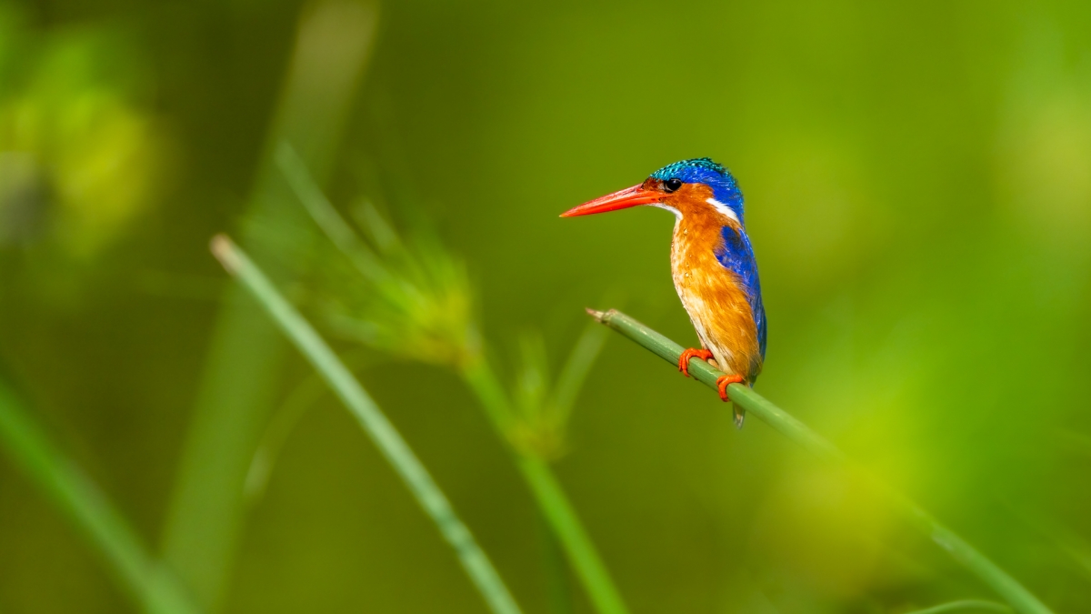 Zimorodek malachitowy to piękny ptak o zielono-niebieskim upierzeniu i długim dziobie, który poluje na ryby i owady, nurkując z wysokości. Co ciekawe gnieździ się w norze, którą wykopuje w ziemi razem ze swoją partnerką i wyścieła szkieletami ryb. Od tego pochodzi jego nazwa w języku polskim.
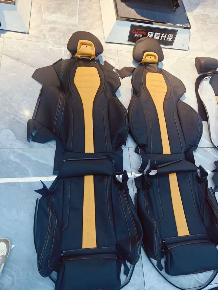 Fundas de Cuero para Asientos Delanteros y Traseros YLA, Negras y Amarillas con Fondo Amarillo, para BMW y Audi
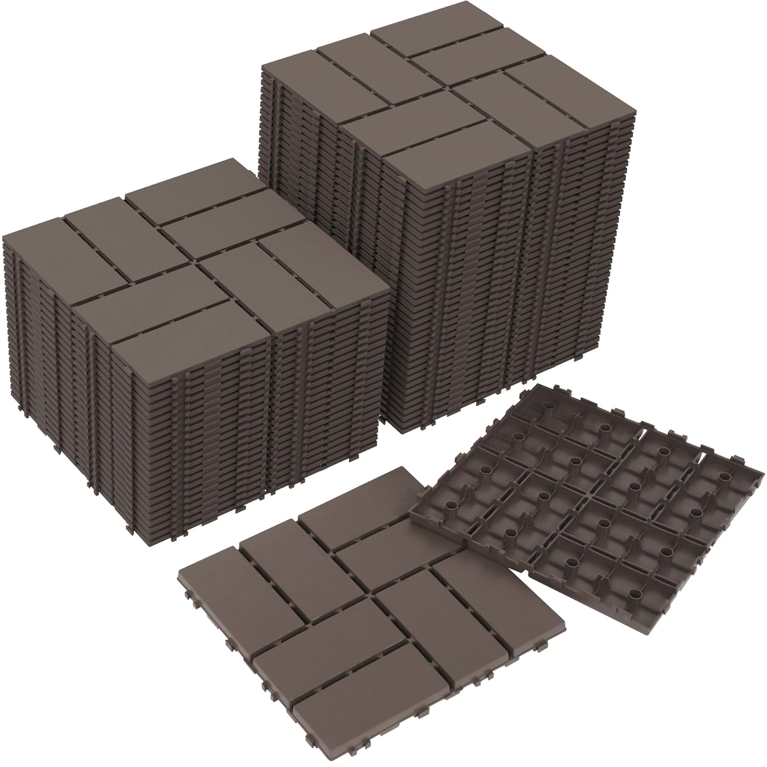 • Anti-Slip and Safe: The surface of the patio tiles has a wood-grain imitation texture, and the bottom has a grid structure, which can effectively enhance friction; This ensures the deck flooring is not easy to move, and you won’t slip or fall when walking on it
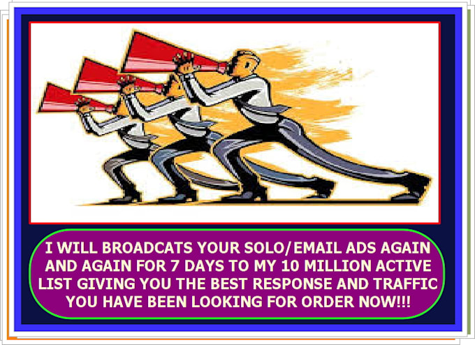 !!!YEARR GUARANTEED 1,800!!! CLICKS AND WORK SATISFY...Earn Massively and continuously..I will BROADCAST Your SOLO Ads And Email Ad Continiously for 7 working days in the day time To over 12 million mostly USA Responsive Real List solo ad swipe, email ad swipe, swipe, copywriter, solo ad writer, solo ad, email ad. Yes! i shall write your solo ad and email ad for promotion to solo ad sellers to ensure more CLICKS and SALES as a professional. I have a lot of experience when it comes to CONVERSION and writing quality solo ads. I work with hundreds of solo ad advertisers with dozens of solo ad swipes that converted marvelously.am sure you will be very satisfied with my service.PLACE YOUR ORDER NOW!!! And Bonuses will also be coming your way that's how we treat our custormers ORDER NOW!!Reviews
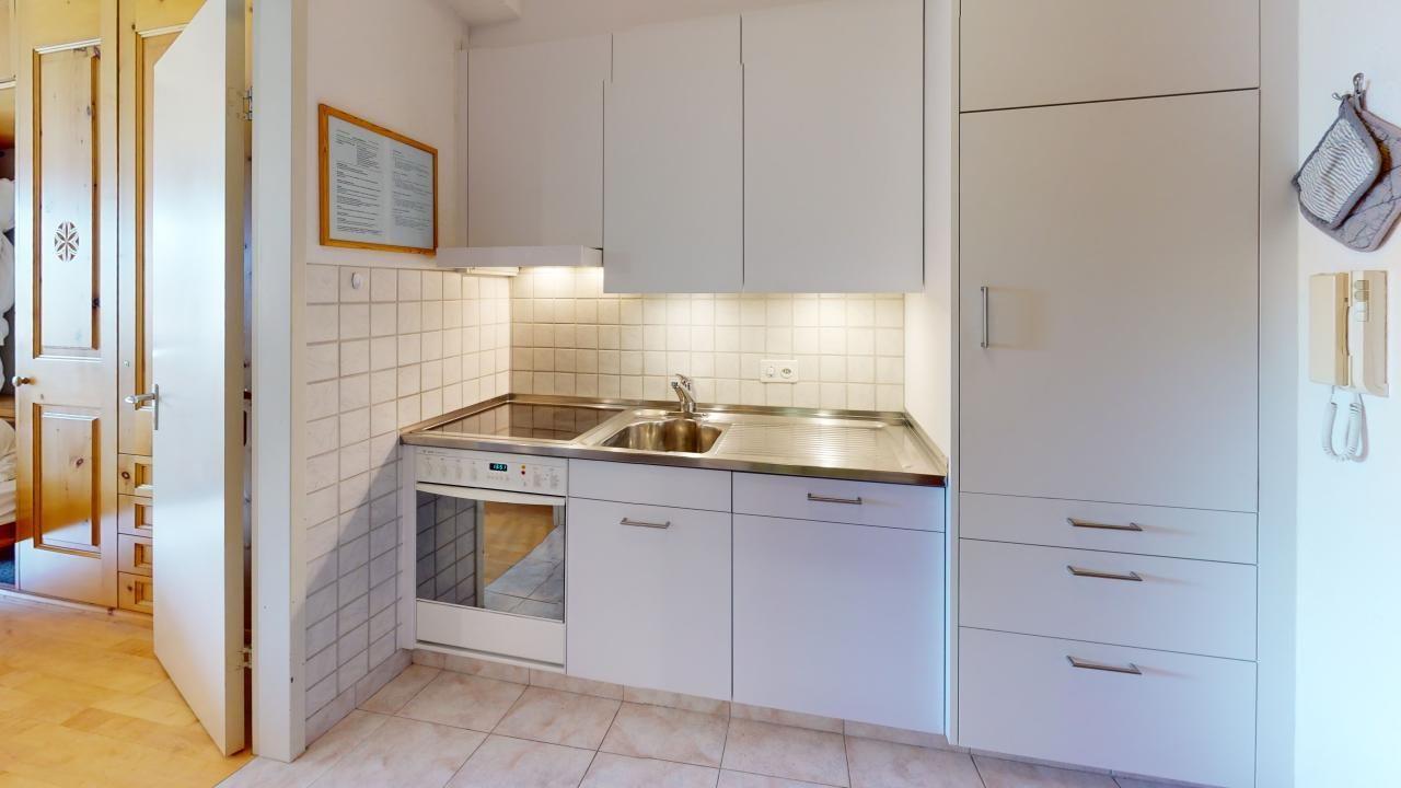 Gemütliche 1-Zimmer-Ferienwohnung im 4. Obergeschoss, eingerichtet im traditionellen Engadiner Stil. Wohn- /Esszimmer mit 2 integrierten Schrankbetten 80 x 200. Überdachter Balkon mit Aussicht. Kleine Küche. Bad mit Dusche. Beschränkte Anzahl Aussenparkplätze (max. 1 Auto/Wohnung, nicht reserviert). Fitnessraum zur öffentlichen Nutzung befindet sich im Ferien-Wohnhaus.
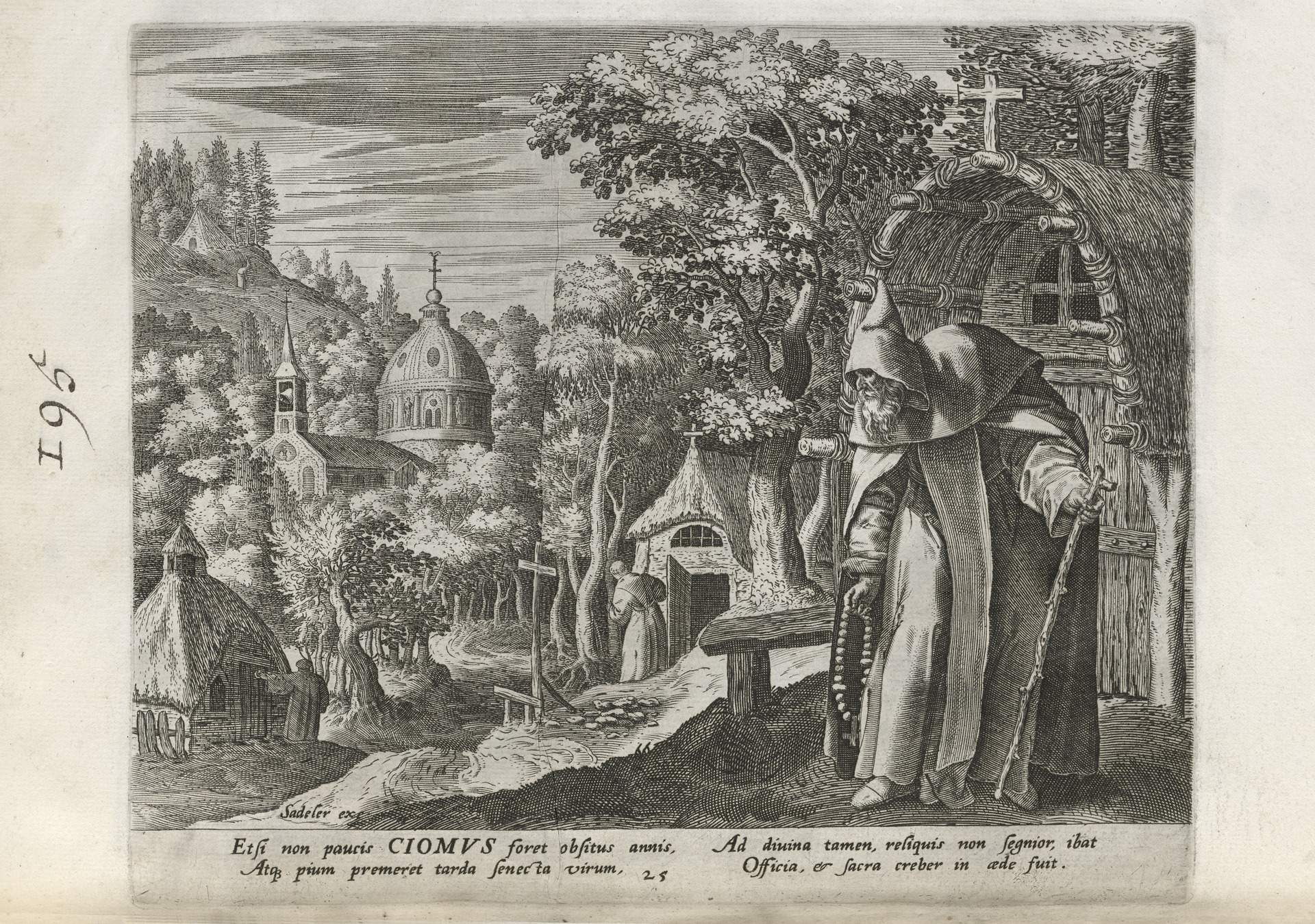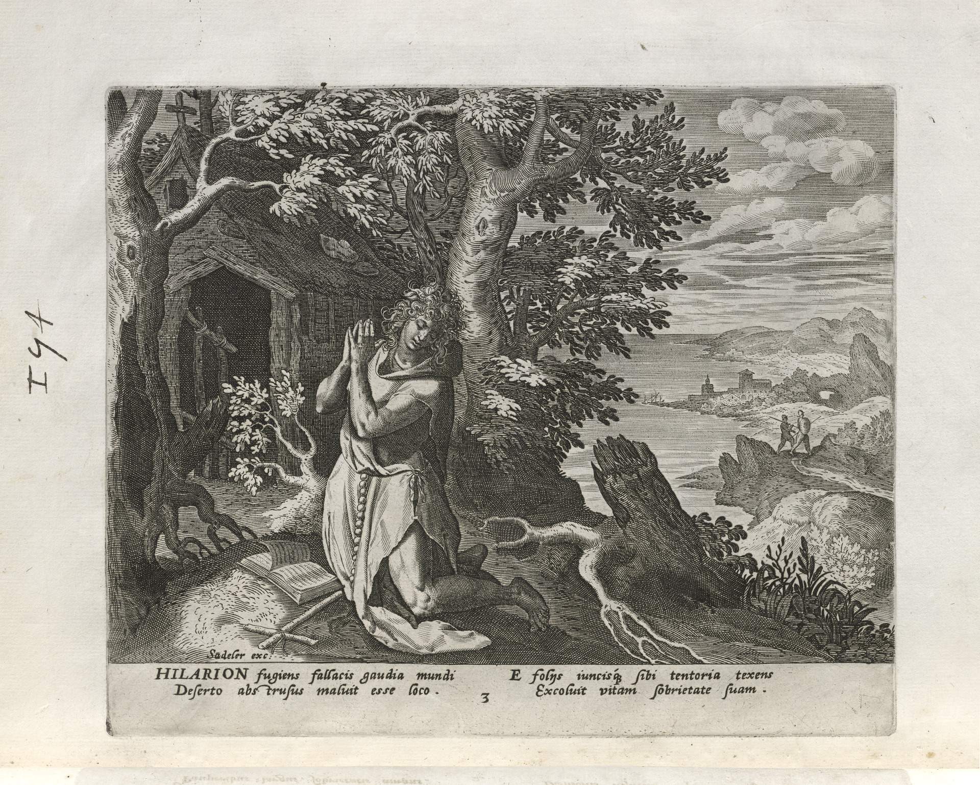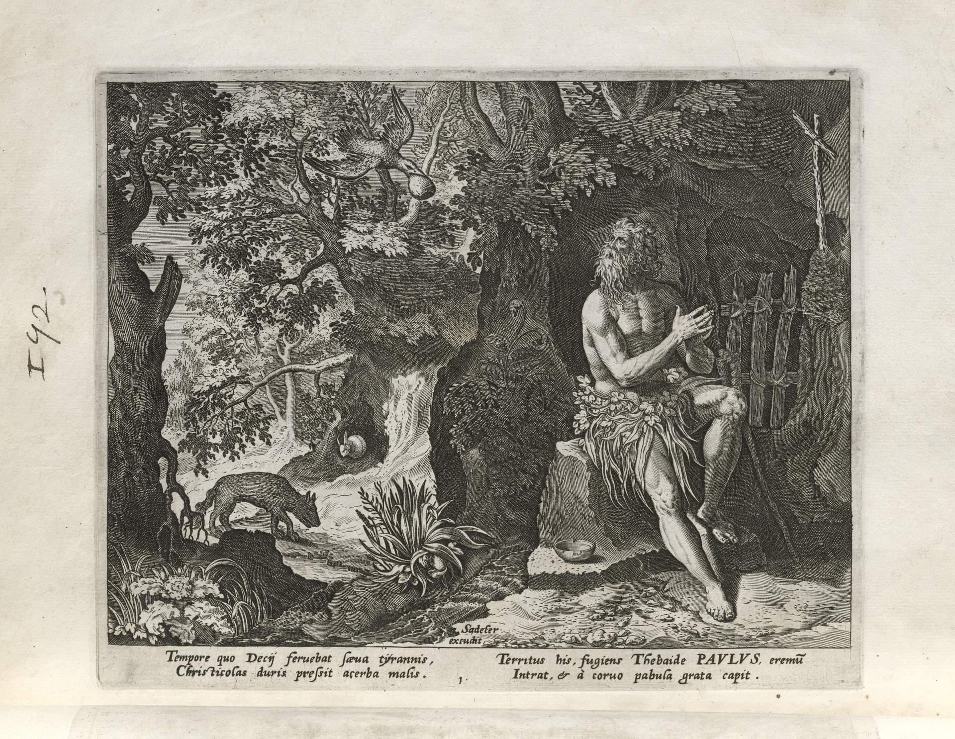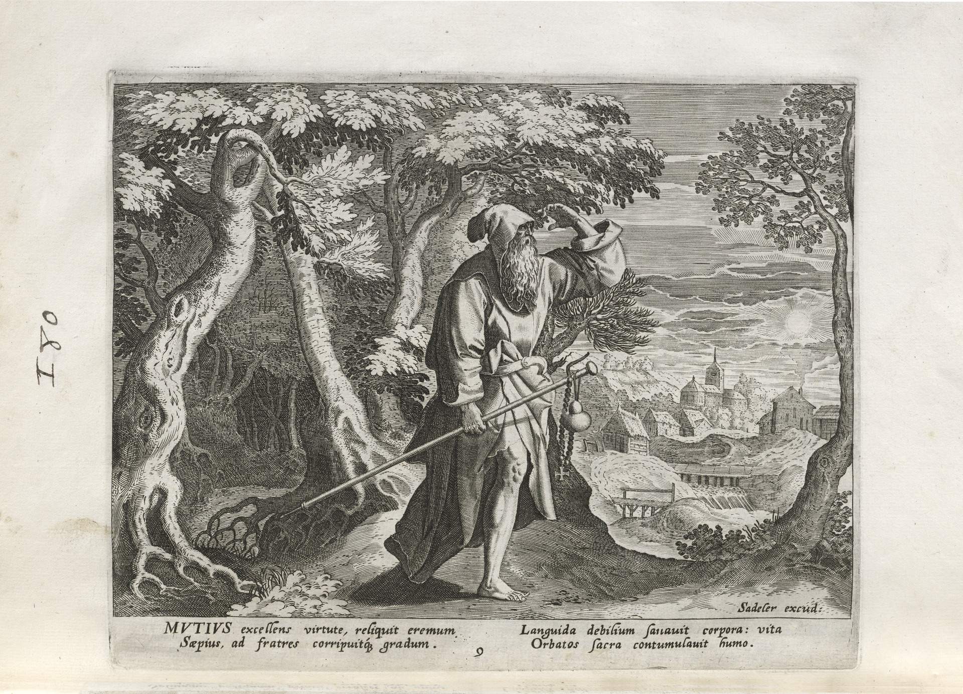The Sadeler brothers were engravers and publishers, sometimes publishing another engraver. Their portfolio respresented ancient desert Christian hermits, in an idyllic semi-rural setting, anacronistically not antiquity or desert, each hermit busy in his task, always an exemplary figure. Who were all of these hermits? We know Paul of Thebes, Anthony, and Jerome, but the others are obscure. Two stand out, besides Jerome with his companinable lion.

> HOW TO COMPLETE THIS TASK: Once the line with "Fundas de Cuero" is found in the data above, reproduce it and each line after it exactly, through the line with "walking on it". Omit the pictures.

> RESPONSE AREA:
 Fundas de Cuero para Asientos Delanteros y Traseros YLA, Negras y Amarillas con Fondo Amarillo, para BMW y Audi
 • Anti-Slip and Safe: The surface of the patio tiles has a wood-grain imitation texture, and the bottom has a grid structure, which can effectively enhance friction; This ensures the deck flooring is not easy to move, and you won’t slip or fall when walking on it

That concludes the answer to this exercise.